Every New Year’s, along with every new birth, affords us the chance to look to the future with hope and optimism.
Certainly, the past few years have been difficult ones in Rainy River District. Almost all of our major industries have taken hits and our three-legged stool is almost lying flat on the ground.
But I believe that today things have bottomed out. We have reached the low point. We only have to look up.
Leading the reasons to be optimistic is plans for a bio-fuel cogeneration plant that has proceeded through the engineering phase at Abitibi-Consolidated and is now in the process of board approval.
That project alone, when announced, will see almost $100 million invested in the Abitibi mill here in Fort Frances and would extend the life of the mill for a long period of time.
Rainy River Resources shares continue to climb, and the company has drilled and developed a substantial gold field in the Blackhawk area. Area prospectors and mining enthusiasts are projecting that should a mine proceed, between 400 and 500 jobs will be created.
East of Fort Frances in the Mine Centre area, MetalCorp will begin de-watering several of the old mines to determine whether or not they can be re-established and flourish with today’s modern metal extracting techniques.
There, too, many jobs will be established should any of those old mines prove their potential.
Mining seems to have a great deal of potential.
Meanwhile, the local beef industry is supporting the development of an abattoir in the district. Since the folding of the Stratton abattoir, beef producers have lacked a killing facility in the area.
That, in turn, has made the processing of animals for district consumption difficult.

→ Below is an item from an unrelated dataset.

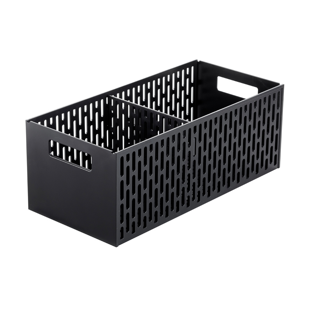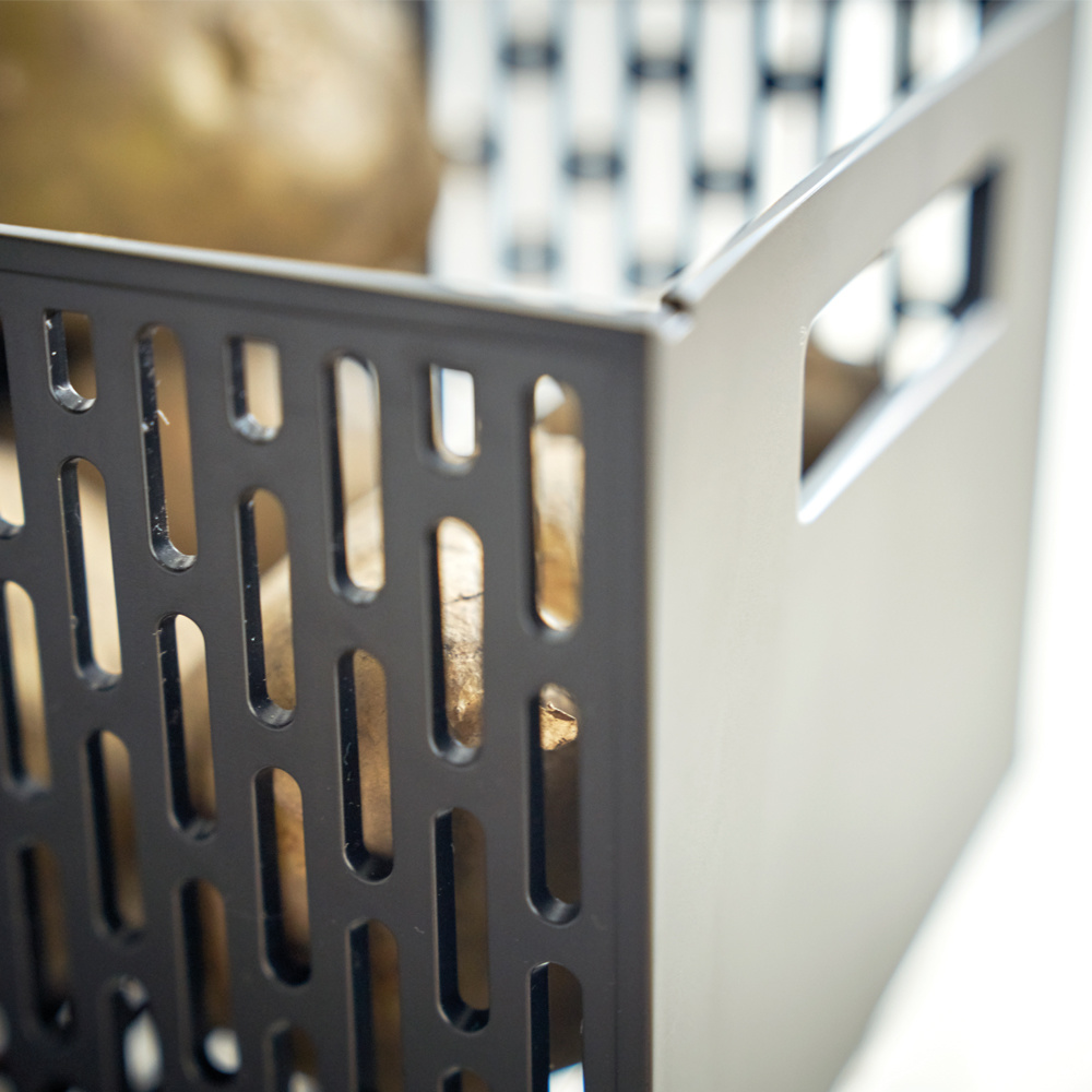 De stijlvolle bak heeft een uitgesneden patroon, waardoor je de inhoud deels kunt zien. De mand heeft geen deksel, maar wel kun je meerdere exemplaren perfect stapelen. Omdat de grootte van de vakken makkelijk aan te passen is, kun je direct beginnen met het logisch verdelen van al jouw etenswaren. Ook pak je de manden binnen een mum van tijd uit de kast door middel van de handvaten, en heb je je aardappelen, uien en andere etenswaren binnen handbereik.

The proposal they have in hand for the operation of an abattoir will go a long way to restoring the health of the agriculture community. In the meantime, district producers will have to look to trucking their animals to either Dryden or Thunder Bay for processing.
The tourism industry has taken it upon itself to begin a major marketing program to promote destinations in Northwestern Ontario. Through self-taxing, they hope to reverse the decline in visitors to the region.
Voluntarily, resorts and motels are agreeing to place a marketing destination tax on their rooms. That money—pooled—then will be used to promote this area and resorts throughout the U.S. Midwest.
With these industries taking the initiative to improve their health and create jobs in Rainy River District, optimists also can see the hope for increased activity in the retail economy of the district.
With any major announcement, we can see the hastening of a second major grocery store, the construction of new motels, and the addition of retail in the downtown of our communities.
Should mining become a major focus, a whole new service industry will develop to meet its requirements. It will require new work skills and expertise that currently does not exist here.
And that, in turn, will create additional demands on schools and colleges in the district.
Should any of these prospects happen, it will have significant impacts on the district. If all were to happen, our district would see a boom and growth that it’s never seen before.
2007 promises to be very exciting, indeed.